Do Not Depend On Your Mobile Phone

Millions of people are becoming more and more reliant on smartphones for their primary and sometimes only means of communication which can be an extremely unwise decision. Anyone who is involved in prepping and survival would know the “2 is one and one is none” rule. The need for redundancies and multiple backups are drummed into visitors perusing prominent survival and prepping websites.

Statistics from the ACMA in 2011 show that 1 in 5 Australians had ditched their landline phone in favour of their smartphone as their primary means of communicating with friends, family, work and contacting emergency services.

You can’t always depend on your mobile phone. During disasters of any sort – be it a natural or man made one, phone towers will be down either from infrastructure damage or severe congestion caused by concerned people attempting to reach out to their loved ones and friends or trying to call home to say “I’m okay”.

During the tragic events of September 11, 2001 in which hijacked aircraft were flown into the two World Trade Centers and both buildings collapsed as a result of being rigged with explosives, almost the entire mobile phone network in New York failed.  Major communication issues were one of the single biggest difficulties that hampered rescue efforts and the ability for people to get in contact with loved ones. Since then mobile phone services have certainly improved by a long shot but this does not mean that mobile phone towers will not be congested or fail in a major emergency in today’s modern world.

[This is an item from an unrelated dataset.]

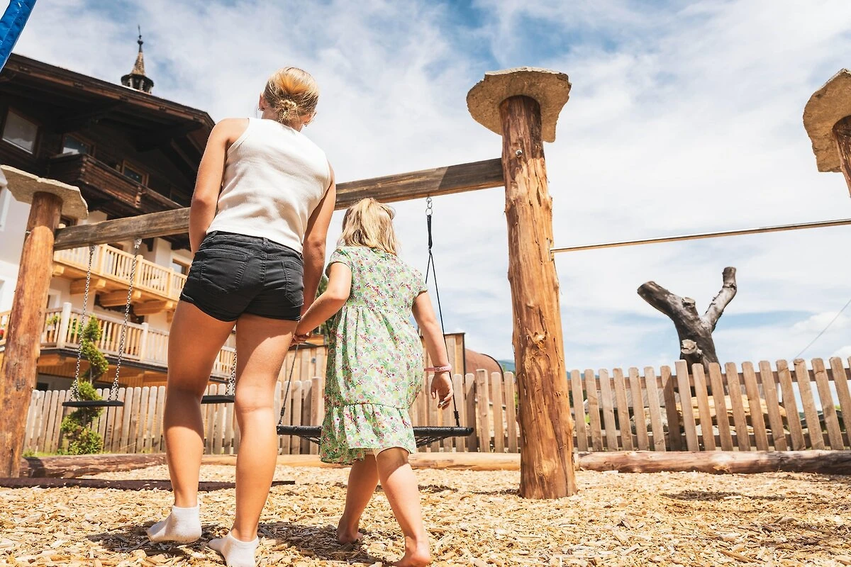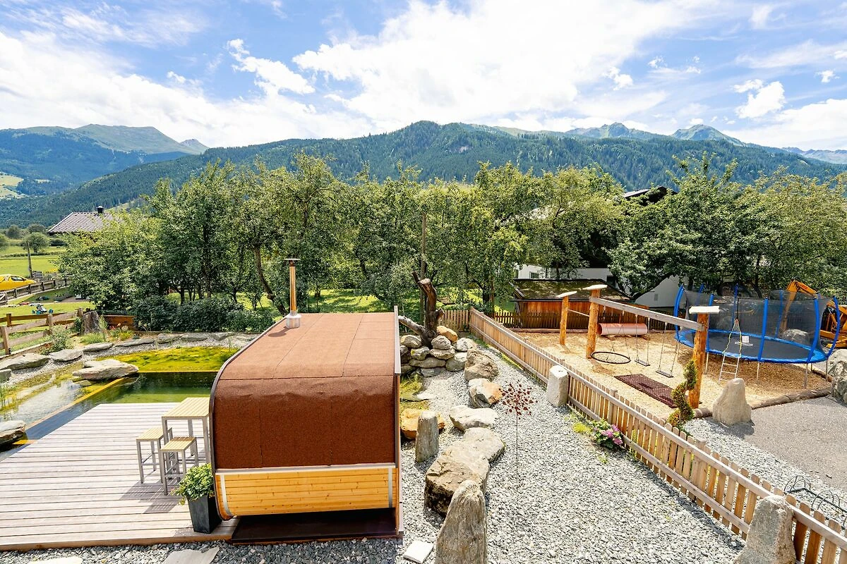 Ein schön angelegter Naturschwimmteich mit Liegeplätzen und Erholungszone, lässt sie im Sommer der Hitze entfliehen. Eine Holzblock Außensauna mit Platz für die ganze Familie oder ein großer Hot Pot welchen sie mit Holz befeuern können, was will man mehr nach einem schönen Skitag. Großzügige Terrassen und Gartenflächen sorgen für sonnige Momente im Urlaub. Der ab Sommer 2025 errichtete und in die natürliche Umgebung eingebaute Spielplatz lässt jedes Kinderherz höher schlagen.

The Huffington Post reports that during Hurricane Sandy (2012) mobile phone service in many areas failed and as a result,  thousands were left feeling helpless unable to communicate with loved ones or make emergency calls.

During the Boston Marathon bombings (2013), mobile phone services clogged due to hundreds of thousands of people around the world attempting to get through to friends and loved ones living, staying or working in Boston.

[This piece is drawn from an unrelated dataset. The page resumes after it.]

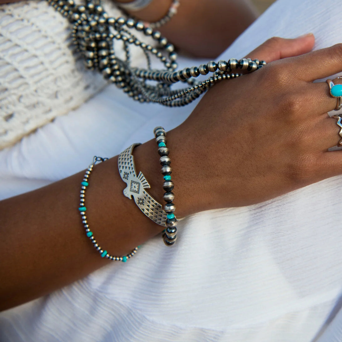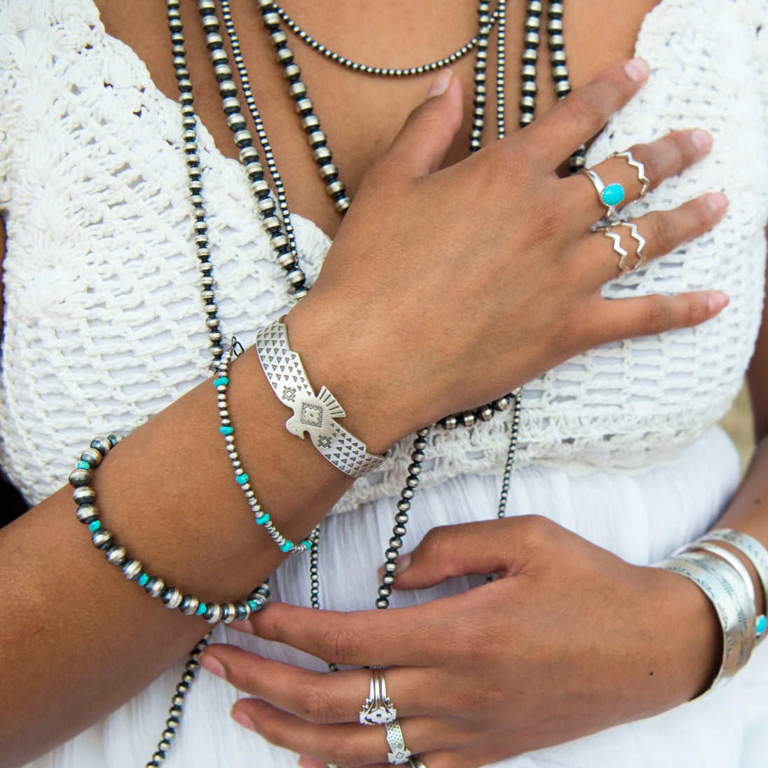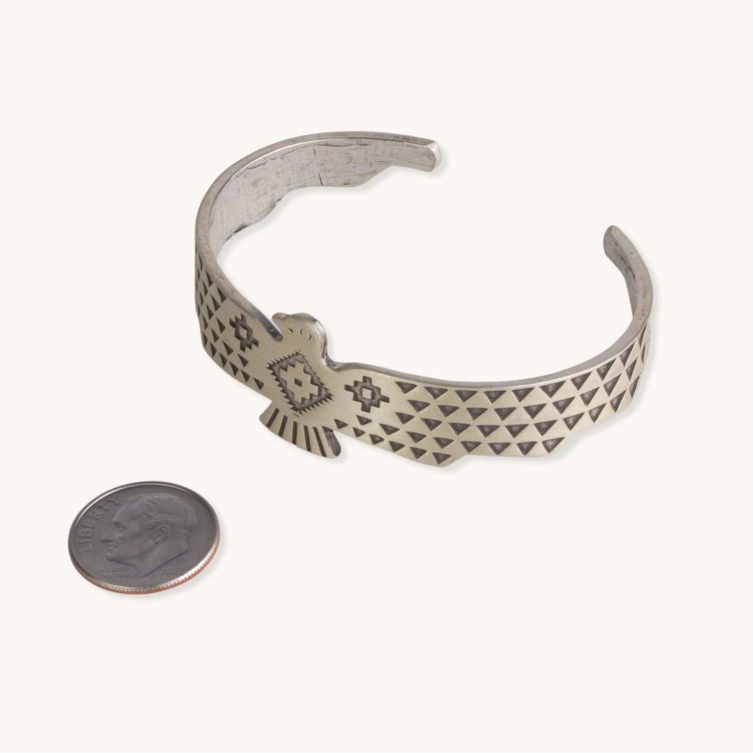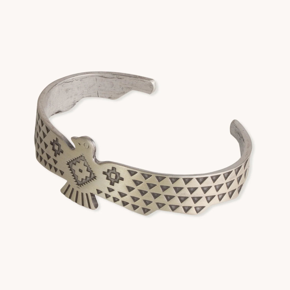 This stunning cuff bracelet is a unique piece of Native American handmade jewelry crafted by TSkies Artists of New Mexico. This SkyWeaver Thunderbird Rising Cuff Bracelet is a distinct accessory crafted from sterling silver. Its unique, Southwestern design features an elegant pattern and intricate detail, making it the perfect addition to any outfit. A stylish and timeless piece of jewelry.

And these are just a few examples out of hundreds of others around the globe.

Here are some other reasons why your smartphone may be useless in a major emergency:

  • During situations involving explosive devices, authorities may temporarily disconnect mobile phone service in order to prevent detonation of further explosives (yes bombs can be triggered with mobile phones via signals transmitted).
  • In some cases, phone providers may even ask their customers to restrict calls in order to free up voice capacity for emergency responders and other authorities at the scene.
  • Electricity may be out for days and sometimes even weeks meaning phone towers will be relying on backup power which will run out.
  • Even if phone providers may have measures in place to increase tower capacity to handle the influx of calls, this will take some time to action.

However even if you’re unable to make calls, sending SMS, emails or posting status updates on social media (providing your have Internet access) may be a better option as they 1) use up less bandwidth than calls, 2) can be queued up and delivered as capacity becomes available and 3) are often the option that is least thought about meaning less people will be using it and hence less congestion.

 

Emergency Options

Solar/hand cranked radio – I know you can’t transmit on this to reach out to loved ones but a good emergency radio is a must for receiving accurate emergency information from radio stations. There are many options out there to choose from. Most run on batteries but obviously batteries run out eventually so that’s why I prefer solar powered or hand cranked  ones. Some radios even come with built-in lights, SOS strobes and compasses. If you’re having trouble choosing the right radio, I suggest you check out my review of the ETON Scorpion II All-In-One Emergency Radio / Power Bank / Solar Charger & Crank Torch here.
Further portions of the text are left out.